Somewhere below, one line contains "Huacan алмазов картина" and a later line contains "Handle scales are". Output those two lines and everything between them exactly, and nothing else.

START Extracted records

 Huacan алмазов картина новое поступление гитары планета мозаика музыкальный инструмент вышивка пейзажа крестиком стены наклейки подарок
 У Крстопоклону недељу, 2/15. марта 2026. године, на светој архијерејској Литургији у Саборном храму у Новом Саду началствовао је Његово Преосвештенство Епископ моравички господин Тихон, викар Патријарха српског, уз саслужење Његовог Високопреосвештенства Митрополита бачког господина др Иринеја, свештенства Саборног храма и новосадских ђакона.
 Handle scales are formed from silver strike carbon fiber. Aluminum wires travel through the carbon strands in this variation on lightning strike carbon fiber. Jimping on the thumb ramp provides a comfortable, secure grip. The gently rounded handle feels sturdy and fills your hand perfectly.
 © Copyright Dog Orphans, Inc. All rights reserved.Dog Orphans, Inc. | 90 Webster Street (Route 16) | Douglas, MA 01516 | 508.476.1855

END Extracted records
START Extracted records

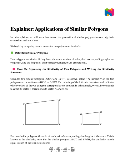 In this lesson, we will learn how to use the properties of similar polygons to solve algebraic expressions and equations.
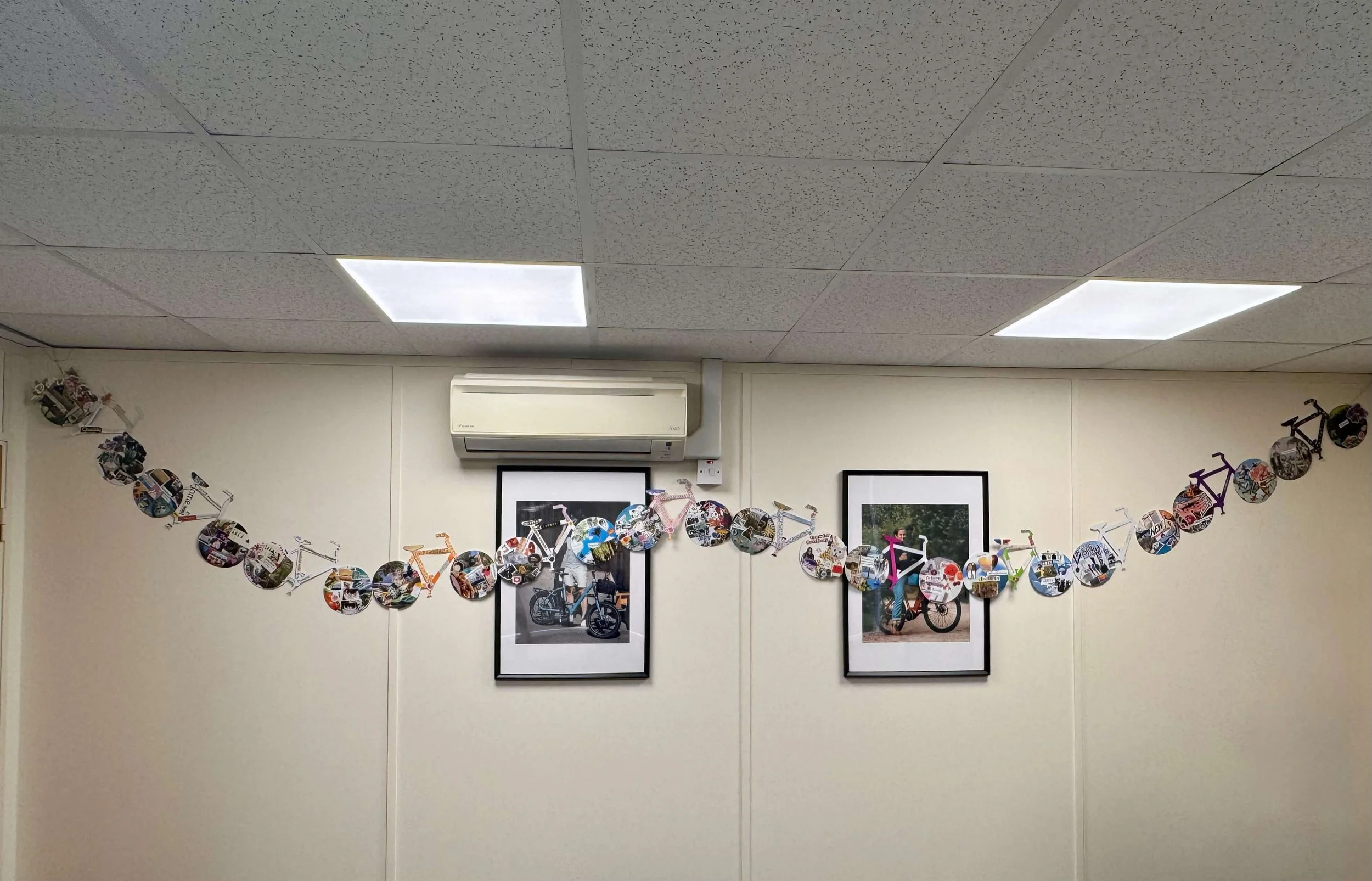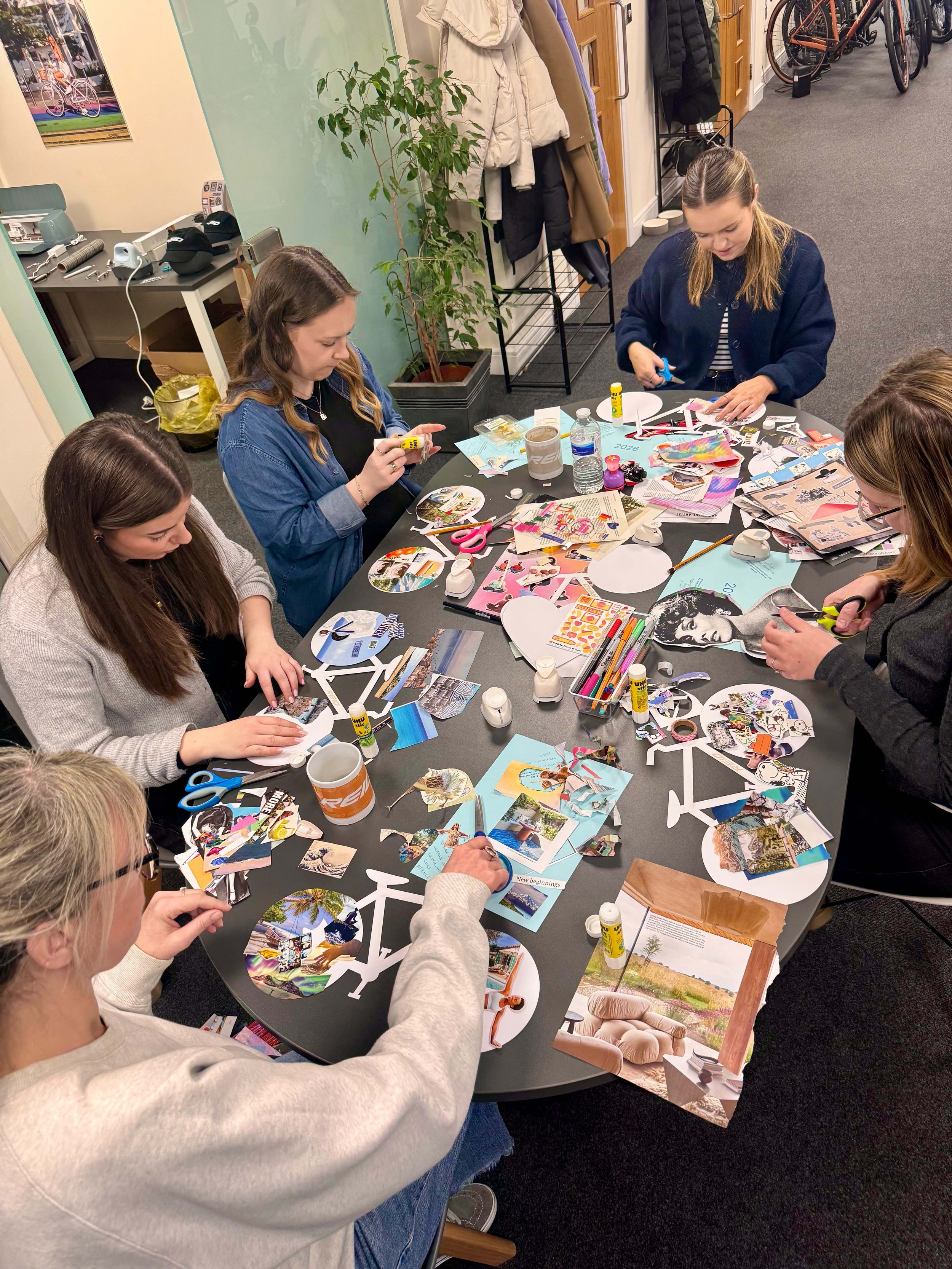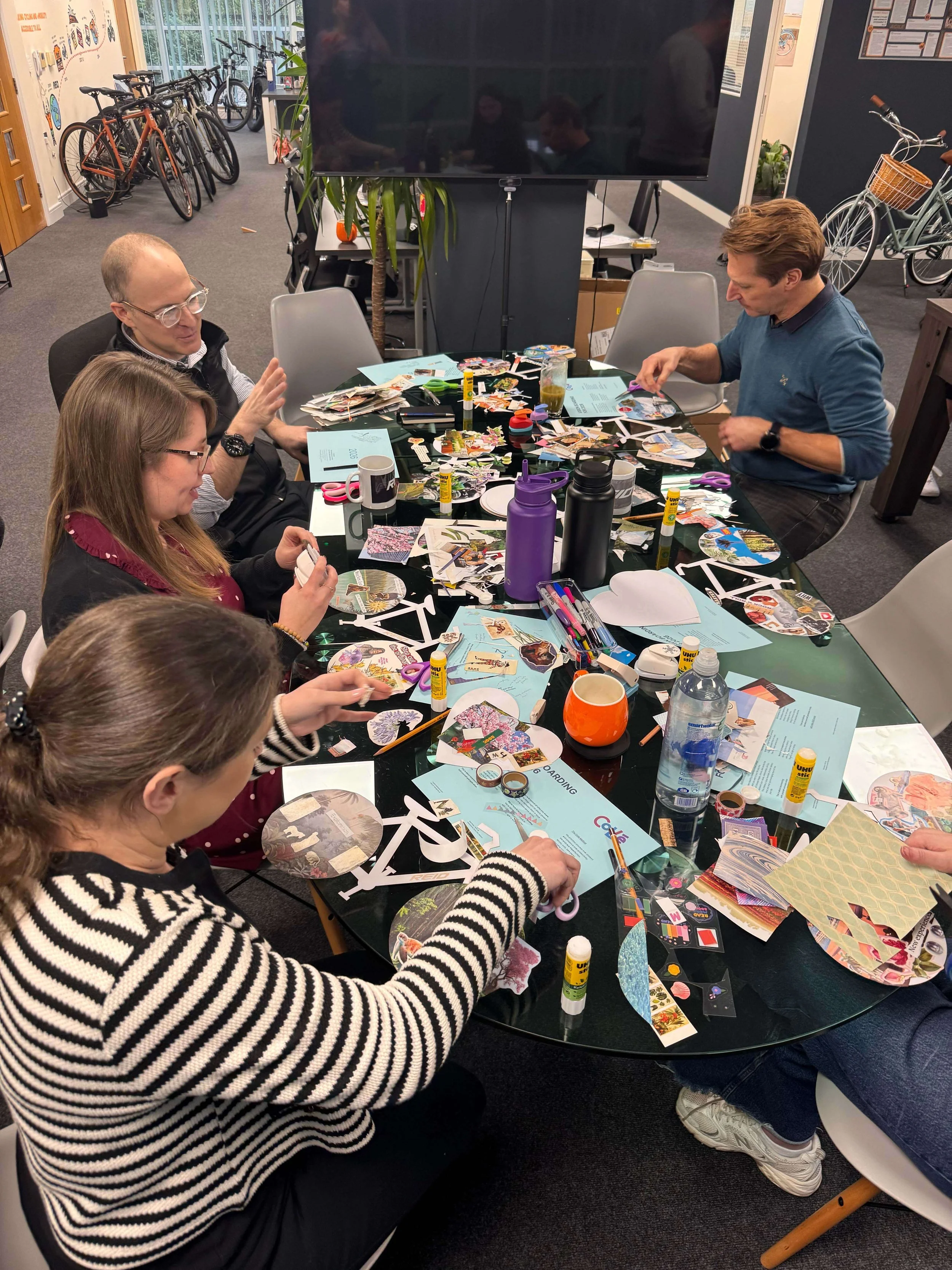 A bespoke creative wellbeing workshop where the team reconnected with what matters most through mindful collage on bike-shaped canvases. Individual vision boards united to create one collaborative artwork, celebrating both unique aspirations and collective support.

END Extracted records

## Result below
 Huacan алмазов картина новое поступление гитары планета мозаика музыкальный инструмент вышивка пейзажа крестиком стены наклейки подарок
 У Крстопоклону недељу, 2/15. марта 2026. године, на светој архијерејској Литургији у Саборном храму у Новом Саду началствовао је Његово Преосвештенство Епископ моравички господин Тихон, викар Патријарха српског, уз саслужење Његовог Високопреосвештенства Митрополита бачког господина др Иринеја, свештенства Саборног храма и новосадских ђакона.
 Handle scales are formed from silver strike carbon fiber. Aluminum wires travel through the carbon strands in this variation on lightning strike carbon fiber. Jimping on the thumb ramp provides a comfortable, secure grip. The gently rounded handle feels sturdy and fills your hand perfectly.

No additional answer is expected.